To conclude, I will post another video of Sam and Gen improvising using my choreo.  Enjoy!

 

donne-moi tes yeux

Une bouffee d'air frais nomme Ker Wells nous fait grace de sa presence depuis quelques jours. Loin de jouer le role de metteur en scene, Ker nous sert principalement d'oeil exterieur. C'est a mon sens, exactement ce dont nous avions besoin.

 Hier, nous avons le luxe d'avoir un public a qui montrer nos trouvailles. Evidemment Ker nous donne son opinion sur ce qu'il voit ainsi que des pistes pour nous aider a developper notre materiel. Ce que je cheris autant que ces precieuses suggestions est son oeil de spectateur aiguise. De faire du theatre a six, pour six, enferme dans une boite noire, ca use la creativite. Alors de pouvoir ouvrir notre univers a un regard neuf m'a fait le plus grand bien. Les choses prennent leur sens, ou plutot retrouvent leur sens premier. Celui qu'on oublie a force de chercher une aiguille dans une botte de foin.

La magie du theatre repose en partie sur le fait que c'est un art de l'instantane. C'est un art du partage. Tout ce que nous creons depuis quelques semaines, c'est dans le but de l'offrir a qui veut bien le recevoir. Ca fait du bien de se le rappeler.

body over brain

As Sam and Genevieve mentioned, we're working with Ker Wells this week.
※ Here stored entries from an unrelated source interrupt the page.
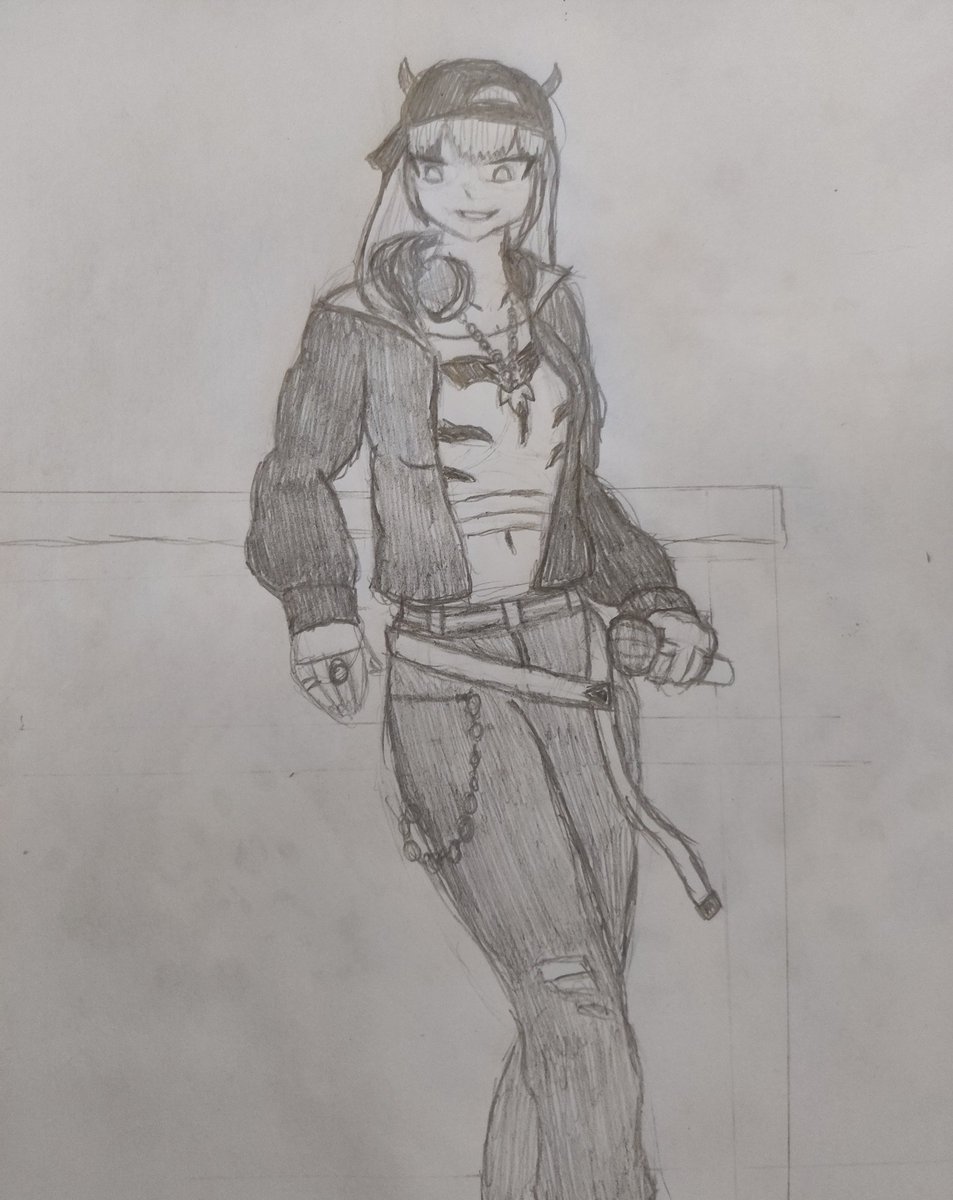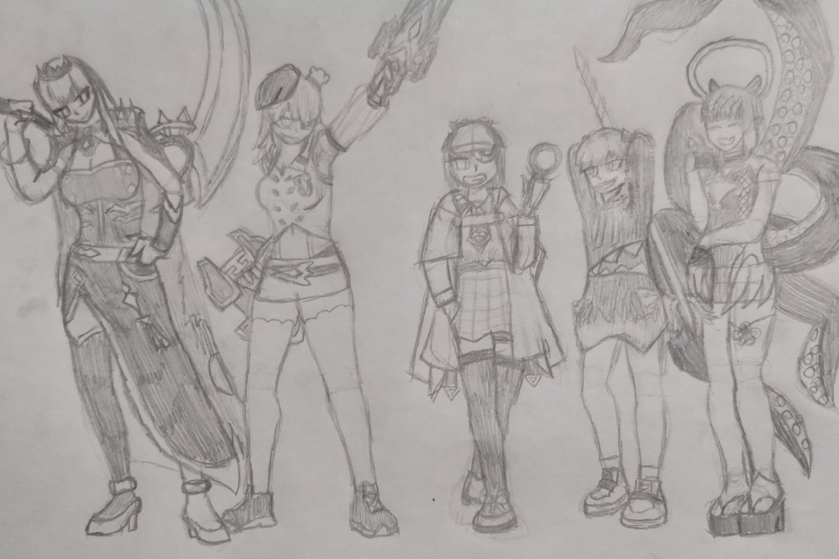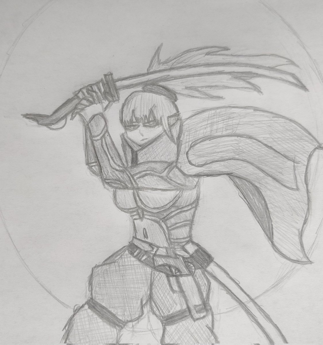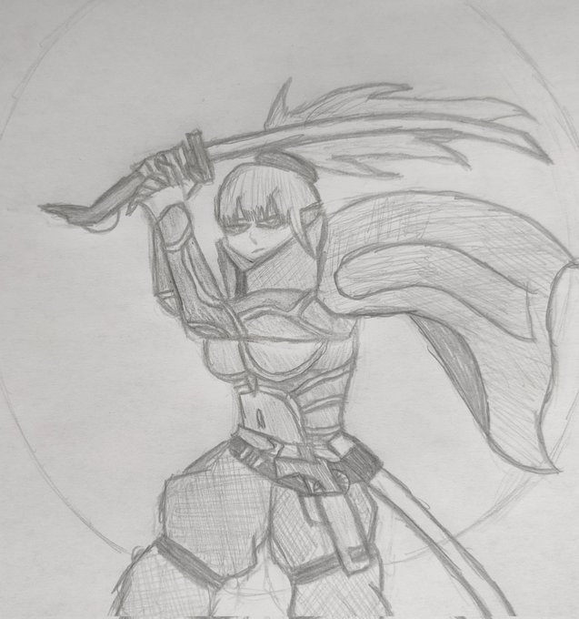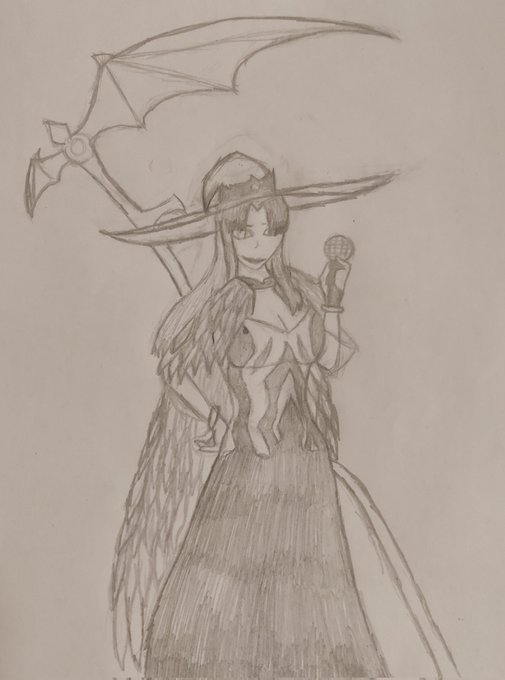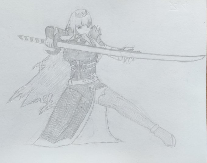 Despite Calli being my oshi, i rarely post my drawings of her (because they look bad :] ) but what the hell, have some Calli with the Hellish Slasher from MonHun #callillust
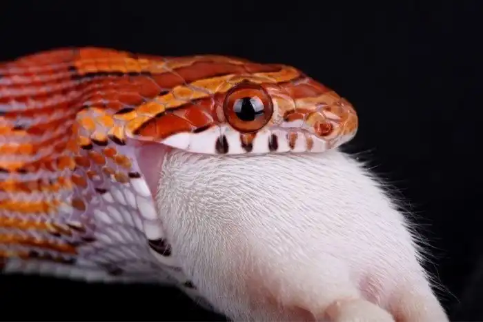 Поэтому они вынуждены проглатывать пищу целиком. Благодаря очень гибкой нижней челюсти змеи могут потребл*ть добычу на 75–100% крупнее, чем их собственная голова. Как только пища будет съедена, химические вещества в их пищеварительной системе завершат задачу по её расщеплению.
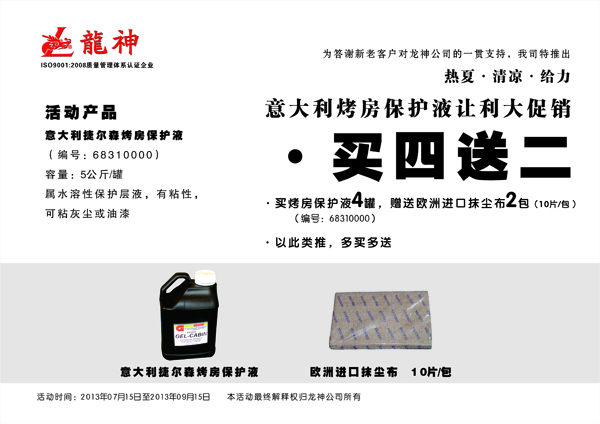 “熱夏。清涼。給力”意大利烤房保護液讓利大促銷。
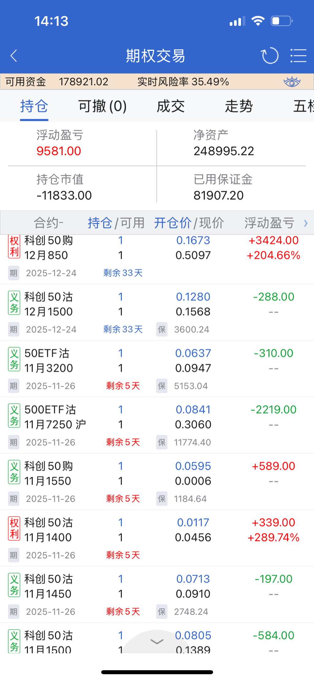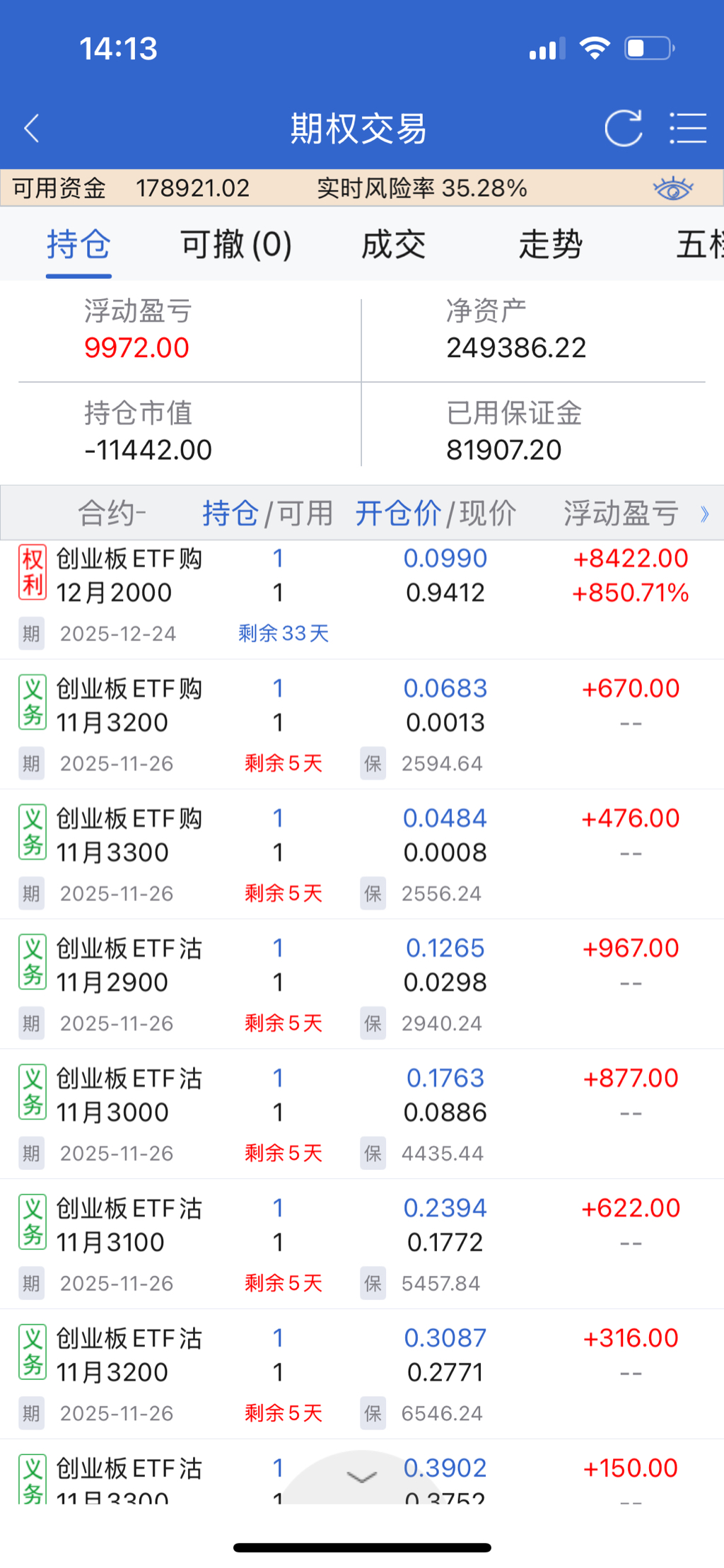 风险度自然上升到44%了,卖沽是天然的高抛低吸,还有超40万的保证金预留,再跌1000个点没问题。这样一算就可以安心过年啦!
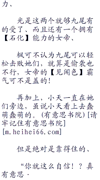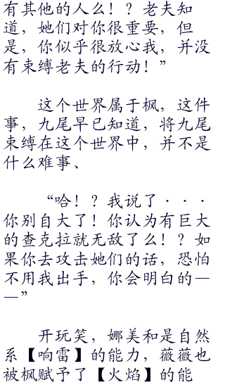 枫不屑一顾的瞥了24一眼九尾,这家伙还真自大!
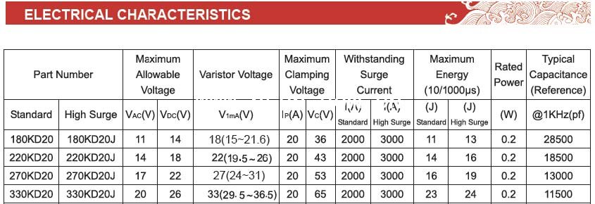 • 電壓規(guī)格從18V~1800V,突波耐電流能力從幾百安培到幾十千安培不等,單體最大可達(dá)70KA
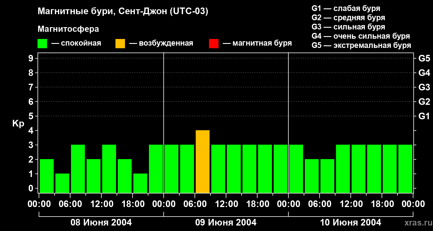 Магнитные бури в Сент-Джоне 10 июня 2004 года
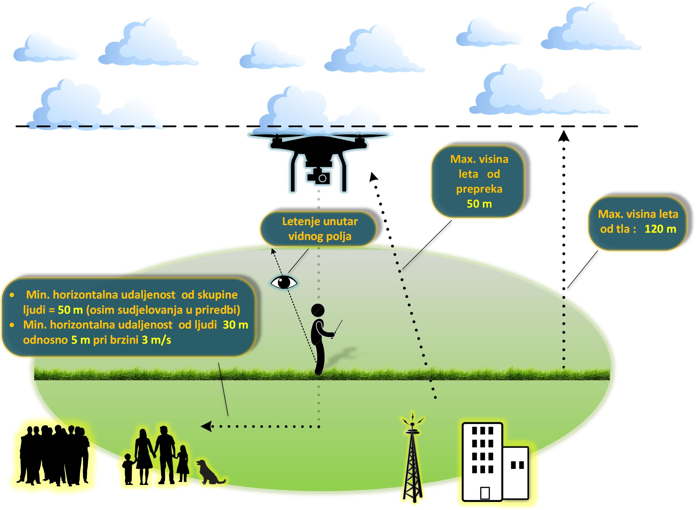 14.12.2018. 1614 RPAS/UAS – izmjene propisa Poštovani korisnici zračnog prostora, Ovim putem obavještavamo vas da je u Narodnim novinama objavljen Pravilnik o sustavima bespilotnih zrakoplova („Narodne novine“, broj 104/2018) koji stupa na snagu 15. prosinca 2018. godine. Glavni razlog izrade novog Pravilnika je prilagođavanje nacionalnog sustava budućem sustavu Europske unije u cilju lakše provedbe nove Uredbe o bespilotnim zrakoplovima, kada stupi na snagu. Pravilnikom je proširena primjenjivost na bespilotne zrakoplove bez obzira na kinetičku energiju koju mogu postići, izmijenjeni su opći i operativni uvjeti (npr. letenje noću, letenje u blizini aerodroma, letenje iznad skupine ljudi, ograničenje visine leta, udaljenost od ljudi i skupine ljudi i dr.) te je u skladu sa budućim EU propisom prestala potreba propisivanja tehničkih uvjeta (broj motora i opremljenost padobranom bespilotnog zrakoplova) koji su uređeni trenutno važećim Pravilnikom o sustavima bespilotnih zrakoplova („Narodne novine“, broj 49/15 i 77/15). Dodatno, istog dana (15. prosinca 2018. godine) na snagu stupa i Pravilnik o izmjenama i dopunama Pravilnika o upravljanju zračnim prostorom („Narodne novine“, broj 104/2018). Pravilnikom o izmjenama i dopuna Pravilnika o upravljanju zračnim prostorom izmijenjeni su zahtjevi koji se odnose na obvezu rezervacije zračnog prostora za letenje bespilotnim zrakoplovima. Grafički prikaz novih zahtjeva prikazan je na dalje priloženim slikama. Za detalje oko postupaka rezervacije zračnog prostora možete se obratiti Hrvatskoj kontroli zračne plovidbe. Povratak na vijesti
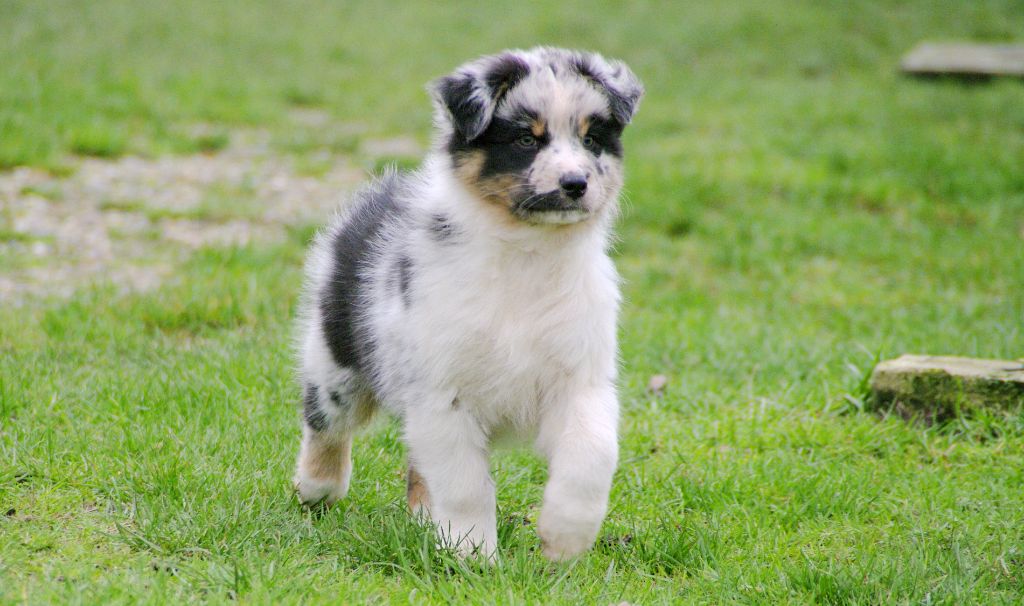 Toa, mâle bleu merle , queue courte . Un chiot demande beaucoup de patience, de temps, de la présence, il faut faire TOUTE leur éducation : la propreté ne sera pas acquise à 100% et des bêtises sont à prévoir...donc bien réfléchir avant de me contacter Mes chiots pour compagnie partiront tous stérilisés donc les éleveurs qui se font passer pour des particuliers , ce n'est pas la peine de me contacter !
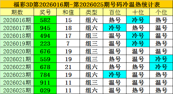 上期回顾:福彩3D第2026025期开奖奖号为:029,奖号类型为:组六,奖号冷温热态为:温号+热号+热号。
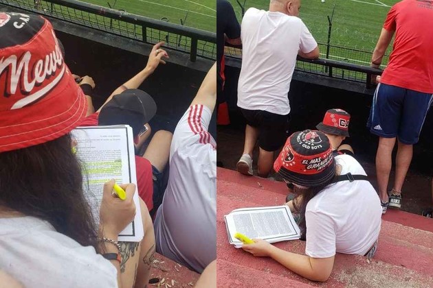 La pasión del fútbol no entiende de fechas ni de exámenes, eso quedó a la vista en la cancha de Newell’s en la que un usuario de Twitter compartió fotos de una joven que estudiaba a la espera de que inicie el partido contra Independiente.

One of the primary focuses of Ker's workshops has been creating a story sequence with gesture and text. In the first week of work, we came with a story of transformation, revelation, or loss, and translated that story into action so that we finished with a non-verbal embodiment of the story.

In the second week of work we were asked to memorize a short text that stimulates and interests us. The task currently before us is to link the text with last week's gesture sequences to form one 'story'.

I don't know if you've ever done this before, but I can tell you that it's hard. My gesture sequence is very specific, and completely different from my text. Smashing them together is a real mind meld. My brain has a hard time understanding the process of putting together two completely different stories. So I started, as Ker suggested, by just moving my body through my sequence and talking my way through my text at the same time. For my simple mind even this is a challenge. But as I do it connections are made that I never would have imagined, and elements are added to each story that never could have some to life when movement and text lived seperately. It's pretty magical.

Today we worked on our own, and then watched as a group while Ker and Sam worked through Sam's sequence. Ker offered so much guidance and support in working this way, I want to relay some of my chicken scratch notes:

The action and the story should make each other clearer, not fight each other

The action informs the story

"We should almost never feel like you're controlling it. It really is just emerging in your hands"

The action helps you figure out how to tell the story

My favourite:

"This kind of work allows your body to challenge the brain for the role of primary driver"

It was pretty amazing to watch Sam work through matching his sequence and his text. When it was great, it really did feel like the body was telling him what to say, like he was getting the text from his actions. I'm not sure how often, if ever, I have experienced that through line with as much clarity.